### [Action item]
The full listing, copied exactly and free of pictures, is the expected reply.

### [Stored data]
┄┄┄┄┄┄┄┄┄┄┄┄┄┄┄┄┄┄┄┄

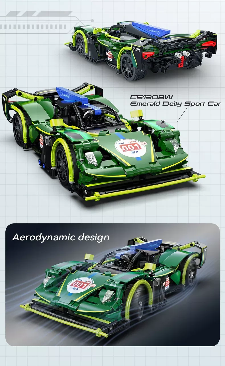 The PHANTOM WING sports car in iconic green delights with its detailed design and smooth ride. Thanks to dual-mode control, you can choose between a classic 2.4 GHz controller and a mobile app (Android/iOS) with multiple driving modes. Piece compatibility with other building kits ensures endless expansion options.
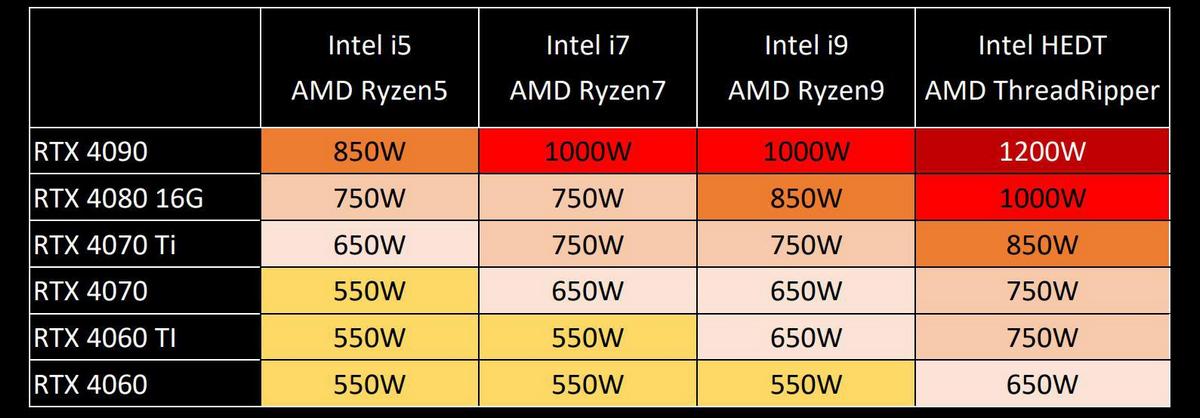 Якщо ви не впевнені, яка потужність знадобиться вашій наступній машині, в ASUS є зручна таблиця для графічних процесорів NVIDIA та AMD, яка підкаже, яка потужність знадобиться на основі наявного у вас обладнання. Отже, якщо у вас процесор Intel Core i5 і RTX 4080, рекомендовано обрати блок живлення потужністю 750 Вт, наприклад, TUF Gaming 750W Gold або ROG Strix 750W Gold Aura Edition. Якщо після цього ви перейдете на i9 з RTX 4090, то вам потрібно буде відповідно збільшити потужність блоку живлення — до 1000 Вт.
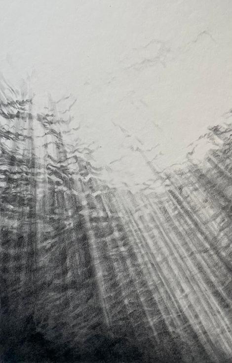 This set of drawings should really be a quadtych really with the fourth being completely white, the light through the trees growing brighter, bleaching life away.

┄┄┄┄┄┄┄┄┄┄┄┄┄┄┄┄┄┄┄┄

### [Solution]
 The PHANTOM WING sports car in iconic green delights with its detailed design and smooth ride. Thanks to dual-mode control, you can choose between a classic 2.4 GHz controller and a mobile app (Android/iOS) with multiple driving modes. Piece compatibility with other building kits ensures endless expansion options.
 Якщо ви не впевнені, яка потужність знадобиться вашій наступній машині, в ASUS є зручна таблиця для графічних процесорів NVIDIA та AMD, яка підкаже, яка потужність знадобиться на основі наявного у вас обладнання. Отже, якщо у вас процесор Intel Core i5 і RTX 4080, рекомендовано обрати блок живлення потужністю 750 Вт, наприклад, TUF Gaming 750W Gold або ROG Strix 750W Gold Aura Edition. Якщо після цього ви перейдете на i9 з RTX 4090, то вам потрібно буде відповідно збільшити потужність блоку живлення — до 1000 Вт.
 This set of drawings should really be a quadtych really with the fourth being completely white, the light through the trees growing brighter, bleaching life away.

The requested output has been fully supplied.